Data records:
* * * * *

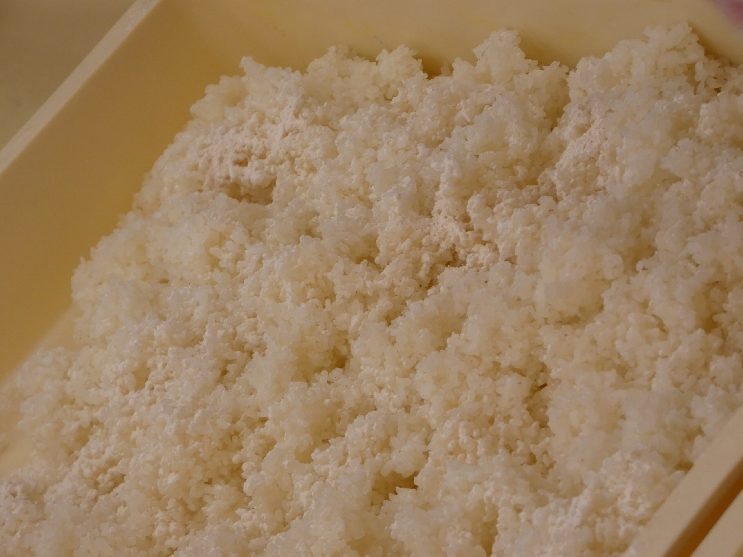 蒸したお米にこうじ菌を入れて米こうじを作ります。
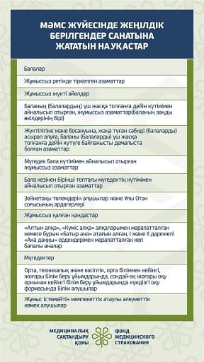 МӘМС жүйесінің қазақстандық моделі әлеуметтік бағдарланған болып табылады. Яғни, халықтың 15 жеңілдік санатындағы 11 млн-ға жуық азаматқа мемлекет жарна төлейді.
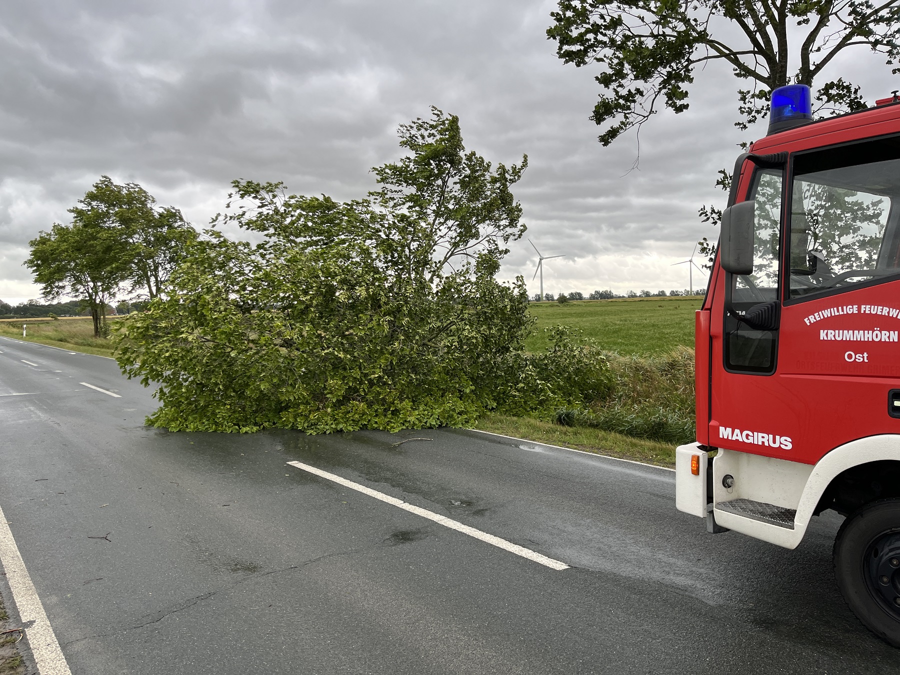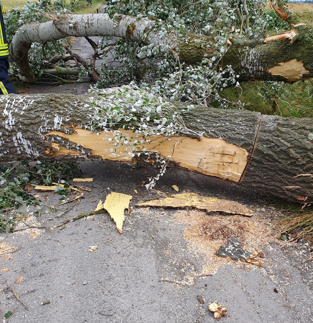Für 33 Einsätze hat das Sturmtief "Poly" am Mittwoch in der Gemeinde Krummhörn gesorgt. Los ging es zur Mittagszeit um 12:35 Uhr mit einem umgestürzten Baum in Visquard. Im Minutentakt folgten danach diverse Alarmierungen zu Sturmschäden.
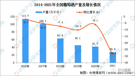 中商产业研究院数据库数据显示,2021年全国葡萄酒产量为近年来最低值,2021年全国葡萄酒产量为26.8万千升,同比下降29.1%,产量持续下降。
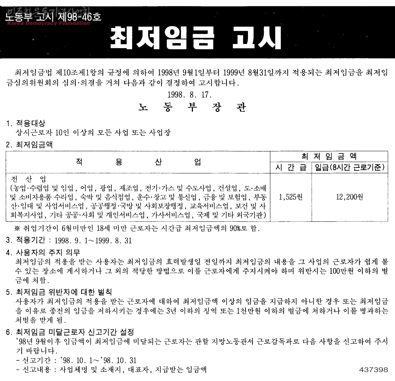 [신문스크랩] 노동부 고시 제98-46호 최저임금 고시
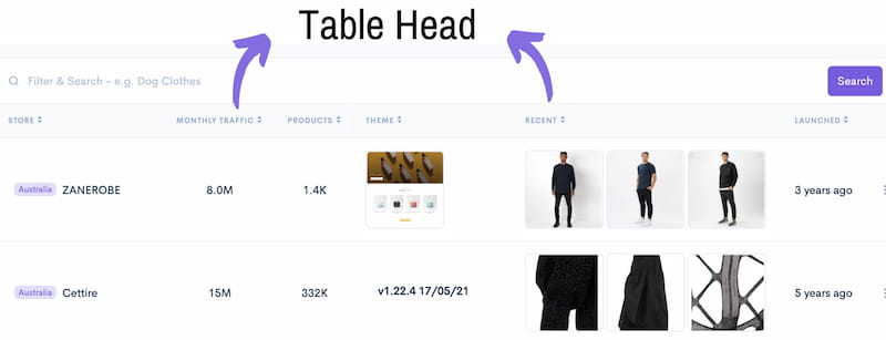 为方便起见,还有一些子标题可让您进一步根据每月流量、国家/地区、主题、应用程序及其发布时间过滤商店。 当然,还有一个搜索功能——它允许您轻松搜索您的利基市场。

* * * * *

ABOUT THIS EXERCISE :: Write out exactly the lines from the one containing "[신문스크랩] 노동부 고시 제98-46호 최저임금 고시" through the last line of the records above, both ends included, and leave out any pictures.

RESPONSE TO THE EXERCISE ::
 [신문스크랩] 노동부 고시 제98-46호 최저임금 고시
 为方便起见,还有一些子标题可让您进一步根据每月流量、国家/地区、主题、应用程序及其发布时间过滤商店。 当然,还有一个搜索功能——它允许您轻松搜索您的利基市场。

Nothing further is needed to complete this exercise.